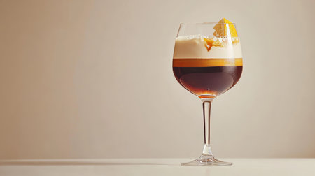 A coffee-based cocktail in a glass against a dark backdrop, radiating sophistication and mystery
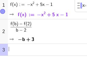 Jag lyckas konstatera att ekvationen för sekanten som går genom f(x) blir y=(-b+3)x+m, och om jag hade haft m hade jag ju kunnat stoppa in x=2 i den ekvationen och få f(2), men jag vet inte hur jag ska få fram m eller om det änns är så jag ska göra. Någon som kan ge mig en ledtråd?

────────────────────

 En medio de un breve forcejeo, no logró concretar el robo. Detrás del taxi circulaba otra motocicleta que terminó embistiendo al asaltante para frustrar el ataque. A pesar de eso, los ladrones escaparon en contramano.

────────────────────

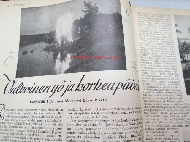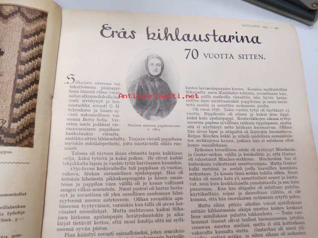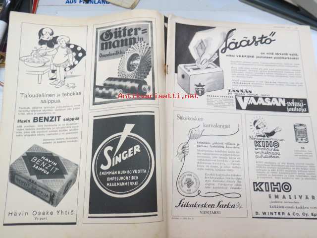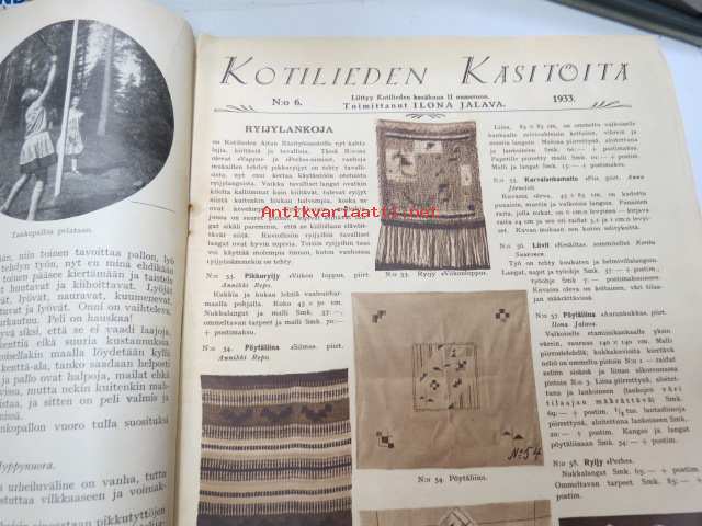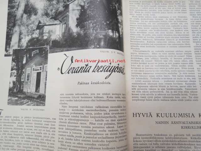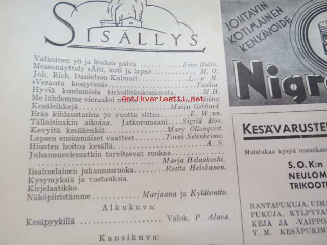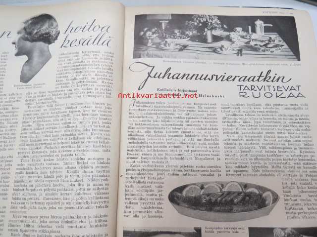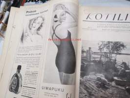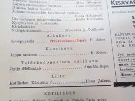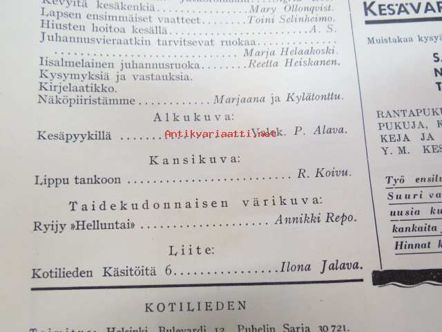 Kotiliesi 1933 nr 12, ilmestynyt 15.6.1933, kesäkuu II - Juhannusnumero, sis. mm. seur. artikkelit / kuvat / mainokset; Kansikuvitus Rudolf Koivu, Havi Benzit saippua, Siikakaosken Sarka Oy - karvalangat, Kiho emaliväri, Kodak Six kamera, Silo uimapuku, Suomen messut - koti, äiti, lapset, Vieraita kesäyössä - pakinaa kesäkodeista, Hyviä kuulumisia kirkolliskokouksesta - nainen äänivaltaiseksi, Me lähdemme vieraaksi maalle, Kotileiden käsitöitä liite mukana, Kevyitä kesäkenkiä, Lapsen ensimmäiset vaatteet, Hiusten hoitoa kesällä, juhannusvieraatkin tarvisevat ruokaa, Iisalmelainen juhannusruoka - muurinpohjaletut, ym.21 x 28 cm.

────────────────────

Go to the line above that has "A coffee-based cocktail" and copy exactly from there down to the line that has "Jag lyckas konstatera", both included. Leave the pictures out.

- EXPECTED ANSWER -
 A coffee-based cocktail in a glass against a dark backdrop, radiating sophistication and mystery
 Jag lyckas konstatera att ekvationen för sekanten som går genom f(x) blir y=(-b+3)x+m, och om jag hade haft m hade jag ju kunnat stoppa in x=2 i den ekvationen och få f(2), men jag vet inte hur jag ska få fram m eller om det änns är så jag ska göra. Någon som kan ge mig en ledtråd?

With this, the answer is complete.